American Jewish Demographics and Birthright: A Response to Leonard Saxe
Leonard Saxe, Professor of Contemporary Jewish Studies at Brandeis University, recently published an article at the Times of Israel. He makes a number of claims arguing for the great benefit of Birthright, amid painting a rosy future for American Jewish society. Some of these claims are not substantiated, and some are downright specious.
Since 1992, Saxe tells us, the American Jewish population rose by 25%, from roughly 5.5 million to 7.5 million. While Saxe does not attribute an increase of 2 million American Jews in less than thirty years to Birthright alone, he does give Birthright some of the credit. He bases this on a study he did on Birthright participants in the first decade of the program. Here are the results Saxe marshals as evidence:
- Half the participants have children.
- The participants are more likely than non-participants to marry a Jew.
- Participants are generally more inclined to take part in Jewish calendar and life-cycle events and associate with other Jews.

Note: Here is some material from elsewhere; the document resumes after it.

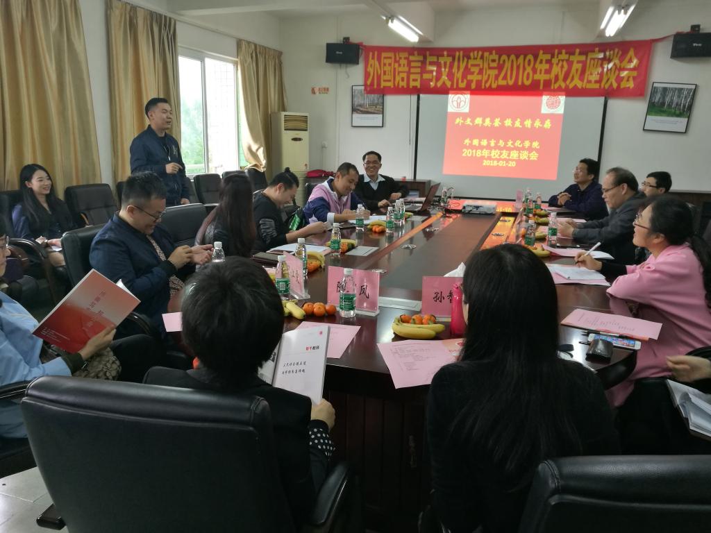 1月20日,买球官方网站2000级至2012级校友共45人专程回访母校,举行题为“外文群英会,校友情永存”的2018年校友座谈会,畅叙昔日友情,对外语专业人才培养与课程设置改革献言献策,共话未来发展。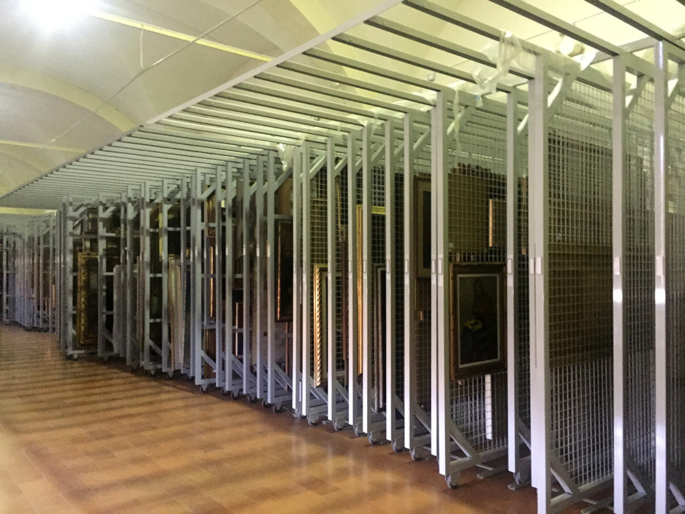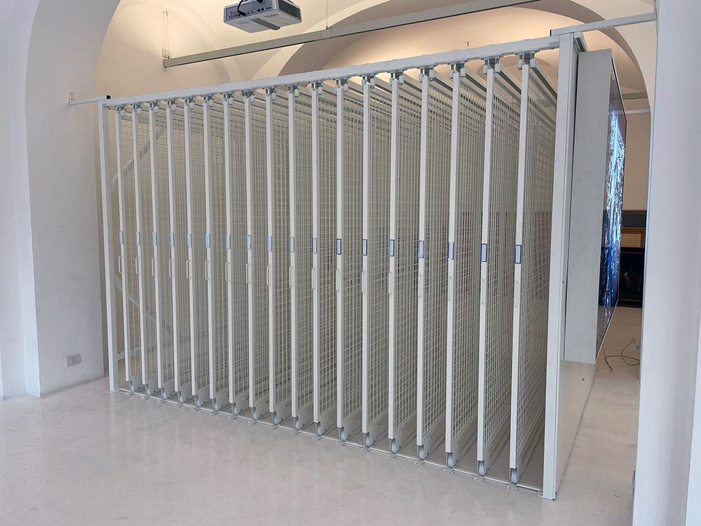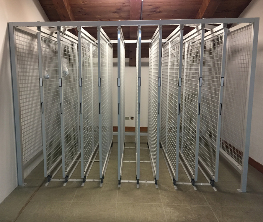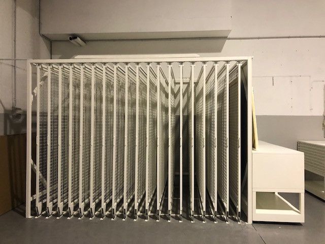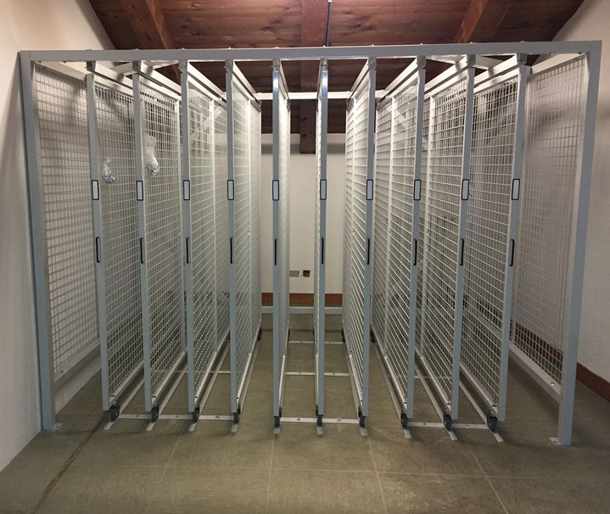 Le rastrelliere porta quadri sono un sistema di consultazione, custodia ed archiviazione quadri servono ad ottimizzare lo spazio e possono essere utilizzate anche nei locali espositivi dei Musei. Sono composte da pannelli a rete espositivi scorrevoli su ruote inferiori, sono indipendenti e lo spazio tra le medesime può variare a seconda del tipo di quadro, stampa o cornice ecc.

But these points tell us very little. First off, that only half of the Jews who went on Birthright ten to twenty years ago have children is not really a cause for celebration; in fact it is consistent with the demographics telling us that Jews are not replacing themselves.
Furthermore, we cannot know, certainly based on the information Saxe provide us with in his article, if these birthrighters were always more Jewishly oriented; for all we know all of those in the study were Orthodox. It is impossible to ascertain if joining Birthright was a result of well established prior Jewish commitment or if Birthright actually made a difference. In short, correlation is not causation.
Saxe’s implausible claim that the American Jewish population has increased by 25% in the last generation, despite the fact that most Jews marry exogenously, indicates two things: One: the criteria on which he bases the population statistics have changed, radically. Two: by not informing the reader of this Saxe is misleading the reader about the vigor of American Jewish life.
The only way for American Jewry to correct its downward demographic spiral is to confront the issue. Only with an honest assessment of what has worked, and what hasn’t, can American Jewry succeed.